Elvis Costello & Bill Frisell

par Vincent Théval le 04/11/2003

Note: 7.0    
Morceaux qui Tuent
Poor Napoleon
Baby plays around


Heureux comme un gamin, je suis revenu du concert automnal d'Elvis Costello au Casino de Paris avec la setlist, que l'ingénieur lumières m'a donné, sans même que j'aie à la lui demander. Avec mon air de ne pas y toucher, j'ai du lui inspirer confiance, voire sympathie. Il est vrai aussi que je détonnais un peu parmi un public relativement (plus) âgé (que moi), dont il m'a semblé qu'il était essentiellement composé de cadres qui sortaient tout juste du bureau. Hypothèse que le prix prohibitif des places pourrait confirmer.

Bref, à l'issue d'un concert magnifique de près de trois heures où le King partageait la scène avec le pianiste Steve Nieve, je tenais la setlist entre les mains. Juste avant le rappel, c'est écrit noir sur blanc : "Poor Napoleon", soit précisément la chanson que je rêvais d'entendre mais que, pour une raison mystérieuse, Elvis n'a pas interprétée. Parue sur "Blood and chocolate", c'est peut-être l'une des plus belles chansons de Costello. C'est aussi la principale raison de se pencher sur "Deep dead blue", le mini album qui nous occupe ici, enregistré en 1995 au Meltdown Festival de Londres avec le guitariste de jazz Bill Frisell. Son jeu presque liquide y est fabuleux : sur des arpèges aériens et délicats, Elvis chante avec conviction touchante, la voix légèrement voilée.
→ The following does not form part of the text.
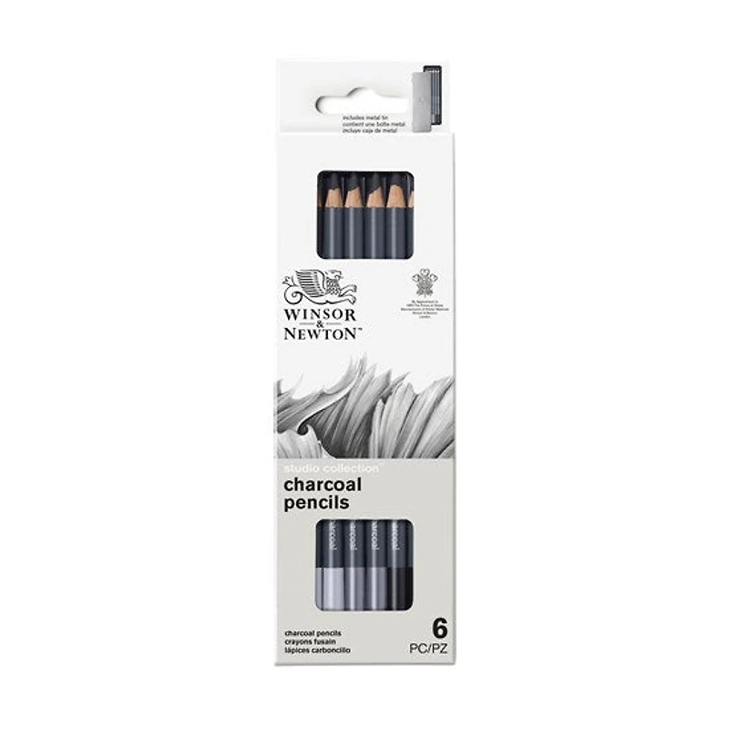 Crayons graphite et fusain de haute qualité, parfaits pour réaliser des croquis spontanés et capturer le mouvement !Les crayons graphite et fusain de la gamme Studio signée Winsor & Newton se mélangent facilement pour créer des ombres saisissantes, ce qui les rend idéaux pour créer des dessins et des natures mortes sur le vif, à la maison ou dans votre studio.La mine de ces crayons contient des liants de haute qualité, de sorte qu'ils ne se cassent pas facilement sous pression, même s'ils sont échappés. Ils sont disponibles dans une gamme de niveaux de dureté, parfaits pour capturer des tons sombres ou délicats, ou pour estomper les ombres et les détails fins.Ils sont fabriqués à partir de bois de cèdre durable et facile à aiguiser.Comprend : 2 x fusains tendres2 x fusains moyens2 x fusains durs
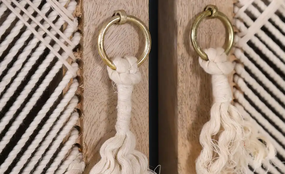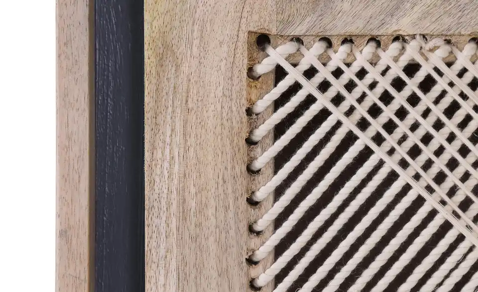 - Mehr zu MaterialMaterial Schnurgeflecht Baumwolle (100%)Massivholz zum Schutz gebeizt und lackiertGriffe Metallringe mit SchnurpendelRückwand Holzwerkstoff (MDF)

L'ensemble est sobre et très dépouillé mais on entend le fantôme des arrangements d'origine, quand la guitare reprend délicatement trois des notes que jouait l'orgue en studio, sur le refrain. Les six autres morceaux sont du même métal mais l'alliage n'est pas toujours aussi réussi : pour un "Baby plays around" lumineux, il faut compter un "Weird nightmare", reprise un peu scolaire de Charles Mingus, où les deux hommes s'appliquent chacun de leur côté, sans qu'on ait vraiment l'impression qu'ils jouent ensemble.

Rien de suffisamment faible pour gâcher un beau disque au charme rêche et minimaliste, qui s'achève sur le morceau titre, le seul écrit en commun par Costello et Frisell : "Deep dead blue", variation âpre autour d'un thème hérité des standards du jazz chanté et romantique.